Concepedia

TLDR

Exosomes are proposed as carriers of microRNAs for intercellular communication and as biomarkers, yet no quantitative analysis of their miRNA abundance and stoichiometry has been performed. The study aims to quantitatively assess miRNA–exosome stoichiometry and propose revised models reconciling the communication hypothesis with the observed low miRNA load. The authors quantified exosome and miRNA numbers in replicate samples from five sources (plasma, seminal fluid, dendritic cells, mast cells, and ovarian cancer cells) using a stoichiometric approach. Across all sources, exosomes carried far fewer than one miRNA molecule on average (0.00825 ± 0.02), meaning over 100 exosomes would be required to detect a single copy of an abundant miRNA, indicating most exosomes are unlikely to function as miRNA carriers.

Abstract

Exosomes have been proposed as vehicles for microRNA (miRNA) -based intercellular communication and a source of miRNA biomarkers in bodily fluids. Although exosome preparations contain miRNAs, a quantitative analysis of their abundance and stoichiometry is lacking.

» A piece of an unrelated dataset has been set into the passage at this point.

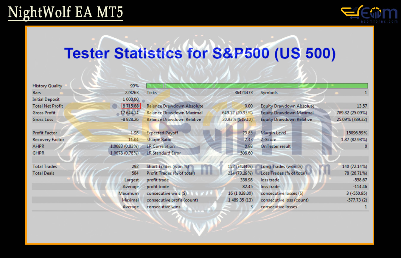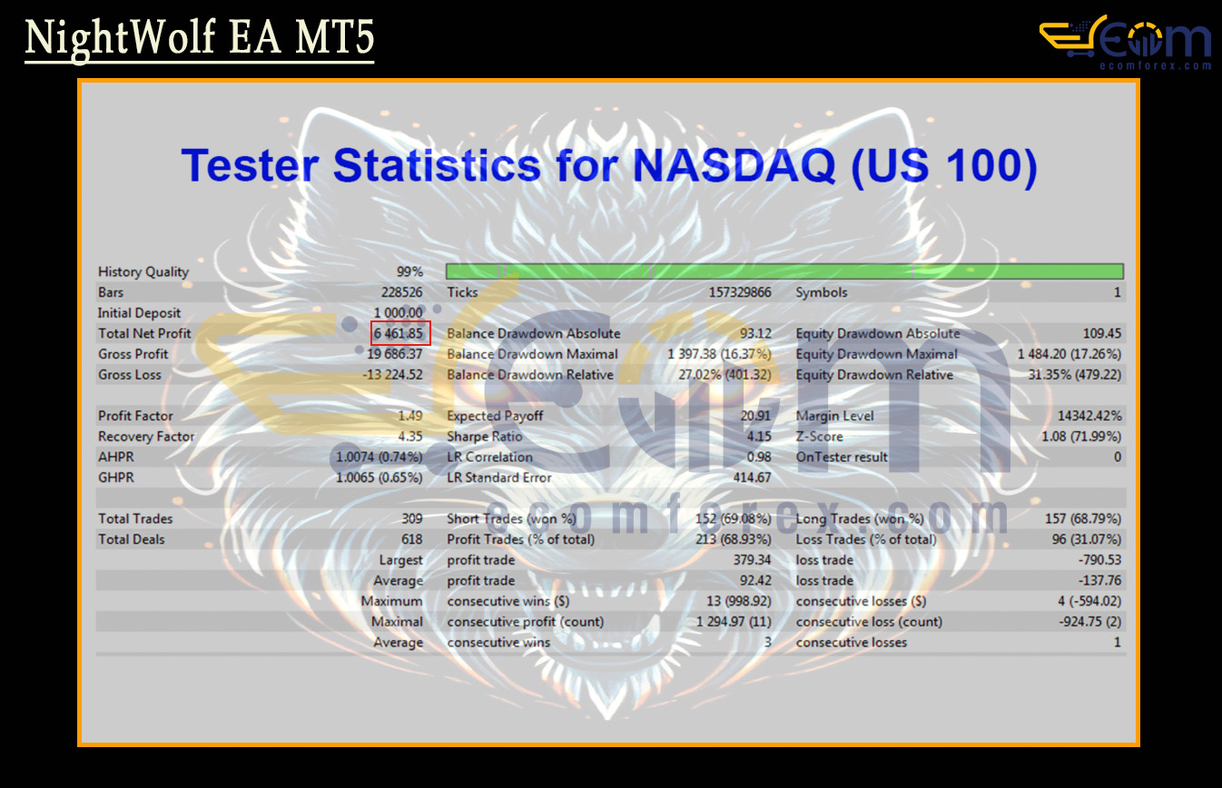 With over 20 years of trading experience in stocks, indices, and algorithmic systems, I’ve evaluated countless predictive models and EAs. NightWolf EA MT5 stands out as a sophisticated, probability-driven automated trader tailored for major US indices — a clean, modern alternative to over-optimized scalpers or grid bots.

In the course of studying cancer-associated extracellular miRNAs in patient blood samples, we found that exosome fractions contained a small minority of the miRNA content of plasma. This low yield prompted us to perform a more quantitative assessment of the relationship between miRNAs and exosomes using a stoichiometric approach. We quantified both the number of exosomes and the number of miRNA molecules in replicate samples that were isolated from five diverse sources (i.e., plasma, seminal fluid, dendritic cells, mast cells, and ovarian cancer cells). Regardless of the source, on average, there was far less than one molecule of a given miRNA per exosome, even for the most abundant miRNAs in exosome preparations (mean ± SD across six exosome sources: 0.00825 ± 0.02 miRNA molecules/exosome). Thus, if miRNAs were distributed homogenously across the exosome population, on average, over 100 exosomes would need to be examined to observe one copy of a given abundant miRNA. This stoichiometry of miRNAs and exosomes suggests that most individual exosomes in standard preparations do not carry biologically significant numbers of miRNAs and are, therefore, individually unlikely to be functional as vehicles for miRNA-based communication. We propose revised models to reconcile the exosome-mediated, miRNA-based intercellular communication hypothesis with the observed stoichiometry of miRNAs associated with exosomes.